Le capitaine John Keay, maître du nouveau navire-tondeuse britannique Ariel, avait de bonnes raisons de se sentir satisfait de lui-même. Il avait obtenu la première cargaison de thé arrivée sur le marché du grand port chinois de Foochow (Fuzhou moderne) en 1866 - 560 tonnes de première et deuxième cueillettes, au prix élevé de 7 £ la tonne: les feuilles les plus fines disponibles . La cargaison lui avait été remise dans des briquets, emballée dans plus de 12 000 coffres à thé fabriqués à la main et rangée sous les ponts en un temps record de quatre jours seulement. Ariel levait maintenant l'ancre à 17 heures, le soir du 28 mai - la première tondeuse à thé à naviguer pour Londres cette saison-là.

Il s’agissait d’un tout nouveau navire: «Une beauté parfaite, a rappelé Keay, à tous les marins qui l’ont vue; Dans la grâce et les proportions symétriques de la coque, des espars, des voiles, du gréement et de la finition, elle a comblé l’œil et mis tout le monde en amour sans exception. De très légers airs l'avaient fait progresser, et je pouvais lui faire confiance comme une chose vivante dans toutes les évolutions. » Ariel était en effet le navire le plus à flot de son temps; pilotant l’incroyable total de plus de 26 000 pieds carrés de toile, il pouvait atteindre une vitesse de 16 nœuds, bien plus rapide que les bateaux à vapeur contemporains.

Mais l'avantage que Keay conservait sur les autres tondeuses entassées dans le port était minime et Ariel n'a pas eu de chance avec ses remorqueurs. Le bateau à aubes Island Queen, engagé pour prendre la tondeuse en remorque, n'avait pas le pouvoir de la transporter à travers la barre de la rivière Min en cas de marée basse.

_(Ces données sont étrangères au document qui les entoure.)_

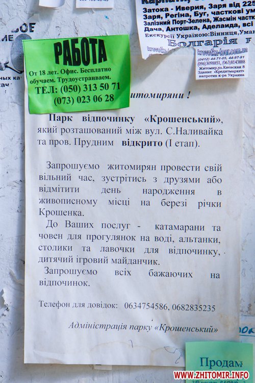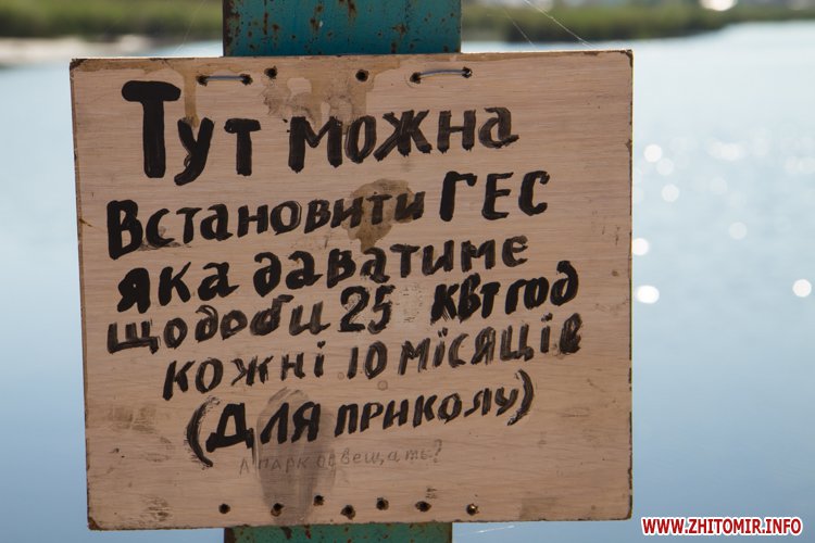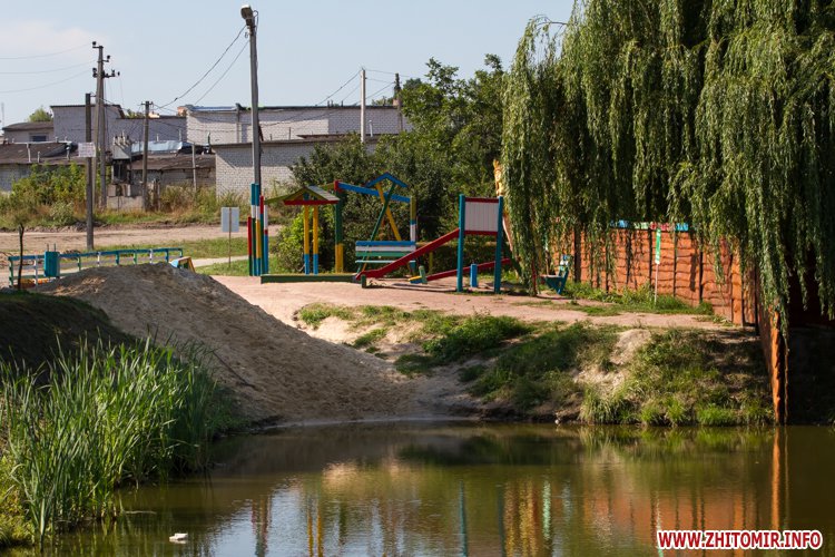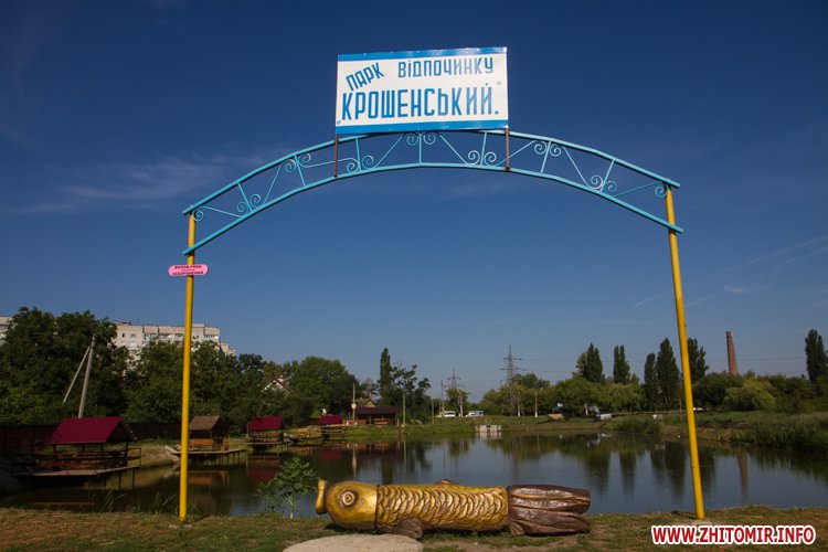 «Тут були зарості, падала каналізація в річку Крошенку на протязі більше 25 років з 11 будинків, тобто, будівельники, коли новий мікрорайон здавали, замість каналізації підключили в лівньовку. Собак топили, хащі були, дуже погана ситуація. Ми почали ним займатися ще два роки тому, потроху розчистили. В міста не було коштів, я замовив проектну документацію і за власні кошти зробив проектну документацію. У цьому році, згідно рішення виконкому, нам надали дозвіл на проведення благоустрою цієї території, встановлення малих архітектурних форм, тобто – альтанки, різні елементи благоустрою, (фігурки) крокодильчиків, дельфінчиків… Це земля міста, вже прийнято рішення сесії міської ради про надання дозволу на розробку проектної документації, на приєднання до гідропарку, тобто, це буде власність громади. Інфраструктура буде наша, ми сюди вкладаємо кошти. Це буде парк відпочинку для мешканців району Крошня і, в принципі, для усього міста. До нас уже їдуть і з Польової, і з Корбутовки, навіть з Коростишева приїжджали... Все упирається в фінанси. Справа в тому, що ми це робимо за приватні кошти, фінансування у нас немає ні з державного, ні з місцевого бюджету, а тільки те, що заробили», - розповів Володимир Тичина.

Échoués pour la nuit, Keay et son équipe de crack ont ​​été obligés de s'allonger à l'ancre et de regarder leurs rivaux effectuer leur propre chargement à la hâte et se lancer à la poursuite. Ce soir-là, le rival Fiery Cross descendit la rivière, remorqué par un remorqueur plus puissant, se fraya un chemin dans des eaux claires et se dirigea vers l'est à travers la mer de Chine. Keay était toujours en train de négocier au bar le lendemain matin lorsque deux autres tondeuses, Serica et Taeping, apparurent à ses côtés. La course au thé de 1866 - la plus excitante de l'histoire du commerce avec la Chine - était lancée.

Le port chinois de Fuzhou, point de départ pour les grandes courses du thé, vers 1860.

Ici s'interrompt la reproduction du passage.